Надрывный голос срывался и, сдаваясь, затихал. Уля икала, задыхалась, ей не хватало воздуха на связную речь. Но в красных, опухших от слёз глазах полыхала низвергающая в Преисподнюю ярость и неприкрытая неприязнь. Сатанинское пламя. Надежда в ужасе отшатнулась, и слабая рука невольно вскинулась осенить себя крестом. В её дочь вселился бес… А другие глаза, выцветшие и холодные, продолжали смотреть с укором и презрением.
Что здесь происходит?!
— Крестишься? — угрожающе проскрипела старушка. — На свою душу дважды грех взяла. Две невинные убила. Не отмолишь, Наденька. Не поможет тебе крест.
«Что?.. Что вы несёте?.. Замолчите! Немедленно!»
Отчуждённый, лишённый последних отсветов любви взгляд дочери застыл на лице, намертво пригвоздив к качающейся земле. А сердце покрывалось ледяной коркой мучительного осознания.
— Это правда?.. Мама?.. Отвечай. Сейчас и тогда… Это… Ты?..

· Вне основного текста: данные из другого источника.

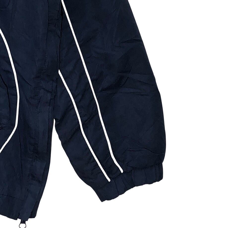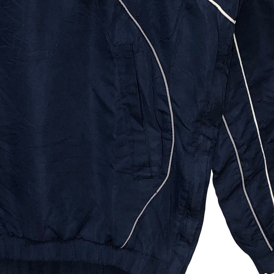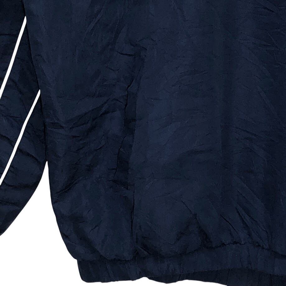 商品名:90's vintage 90年代 ヴィンテージ 58SPORTS ナイロンプルオーバーシャツ ニューハンプシャー大学 カレッジロゴ刺繡 裾ジップ フロント バック刺繡 オーバーサイズ Vネック China製 Lサイズ ネイビー
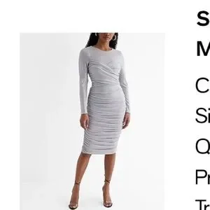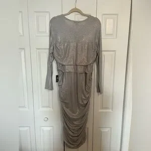 NWT Express Shine Crew Neck Rouched Midi Dress, silver, size xl
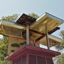 岡﨑城のある岡﨑公園の一画にあります。場所は二の丸能楽堂と家康館のある広場。9:00~18:00までの毎時0分と30分に“ショー”が始まります。時計盤が開き、家康公のからくり人形が照明と音響の演出と共に能を舞います。時間にして3分ほど。しかーし、見応えはあまりなし。1回見れば十分のクオリティーです。
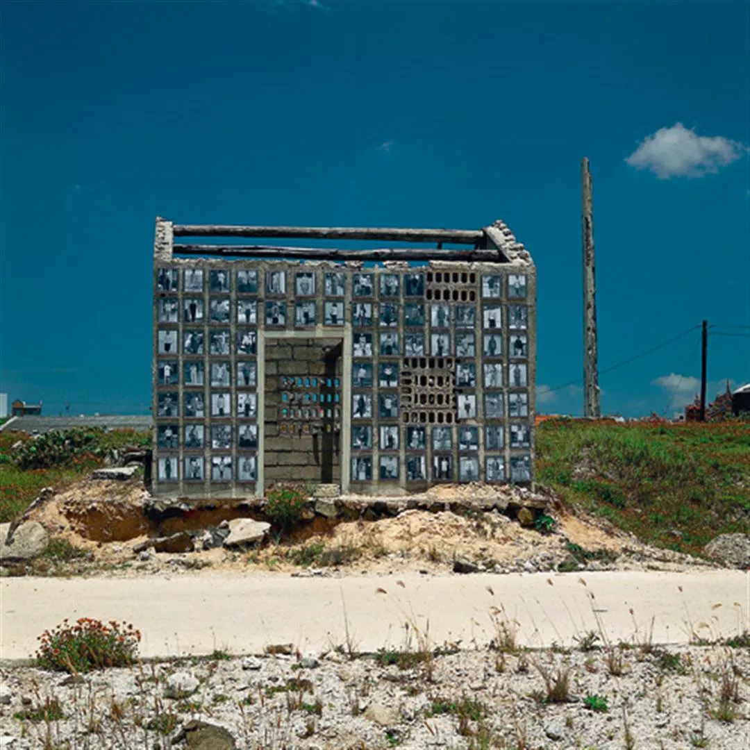 〈澎湖屋II〉以漁夫堆放漁具的廢棄小屋為裝置目標,他將照片掛置於小屋外牆。這間屋子沒有屋頂,窗戶鏤空,地基塌陷,背後一整片藍色晴空,陽光照在金屬相框上,反射出清晰潔白的光芒。裝置看起來像是在澎湖,又像是在西班牙的地中海岸,也有中東沙漠的強烈光線,散發著「去地理化」的特質。
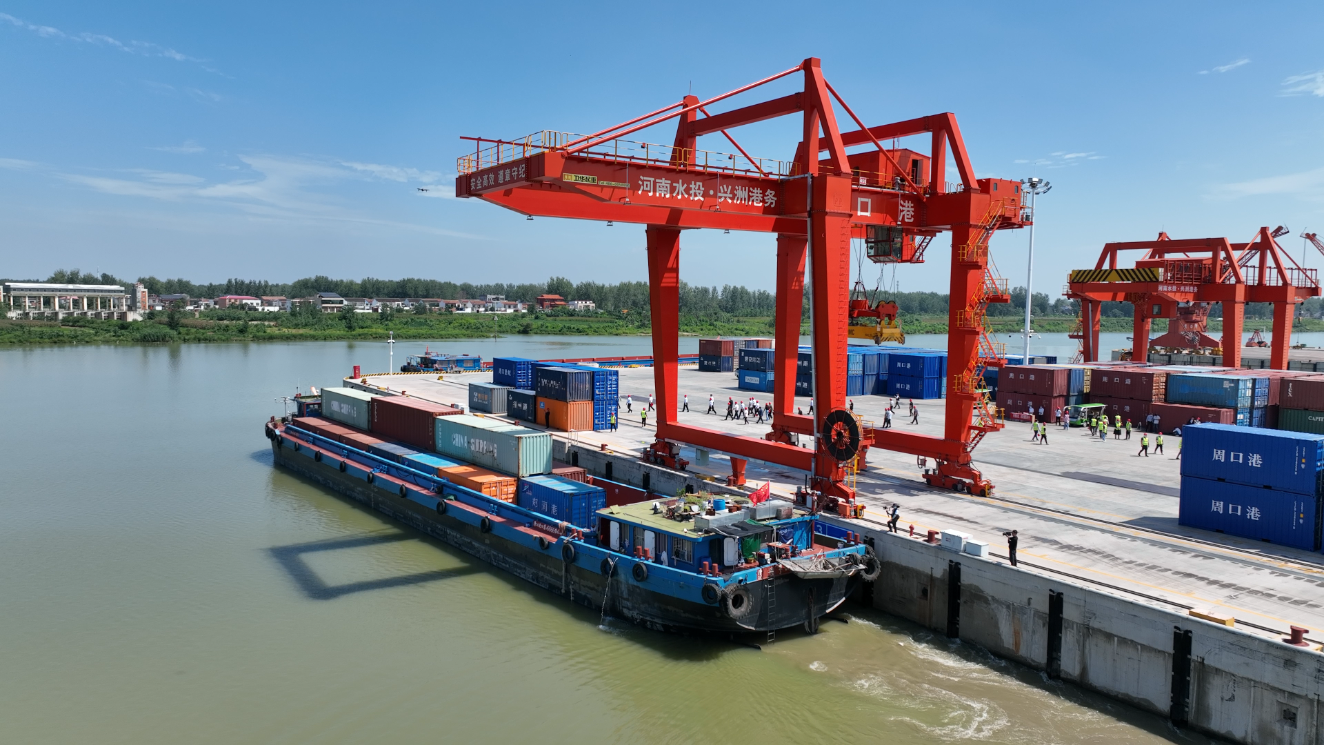 周口港區(qū)黨委委員杜廣賢表示,來自浙江杭州的外貿(mào)企業(yè),在周口辦廠,得益于航運的便利條件,節(jié)約了大筆成本,為周口承接長三角地區(qū)產(chǎn)業(yè)轉(zhuǎn)移提供了一個典型的范例。新航線的開通,標(biāo)志著周口港走向世界的步伐越來越快,影響力越來越大,標(biāo)志著我市內(nèi)河航運事業(yè)邁上了新的臺階、開啟了新的征程,把河南與世界的距離拉得更近,助推河南外向型經(jīng)濟快速發(fā)展。下一步,周口中心港在做好現(xiàn)有國際國內(nèi)集裝箱航線運營的同時,將加強與國內(nèi)大型港口的合作,積極推進(jìn)開通至迪拜、泰國曼谷等國際航線,開通鄭州中歐班列至太倉港、上海、蘇州等水上航線,進(jìn)一步推動外貿(mào)集裝箱業(yè)務(wù)的高速發(fā)展,為建設(shè)“臨港新城 開放前沿”貢獻(xiàn)港區(qū)力量。③6

Ульяна не спрашивала – полыхающие огнём глаза утверждали. Только что прозвучал приговор. Слипшиеся губы разомкнулись, но звук наружу не шел: под истребляющими взглядами нескольких пар глаз горло стянуло, а язык прирос к нёбу. Закружившись и утонув в промозглом тумане, поплыло пространство. Остановилась жизнь. Прикрыв веки, Надежда пыталась найти точку опоры и удержать равновесие.
Всё тайное рано или поздно становится явным. Истина, от которой ей всегда было очень не по себе.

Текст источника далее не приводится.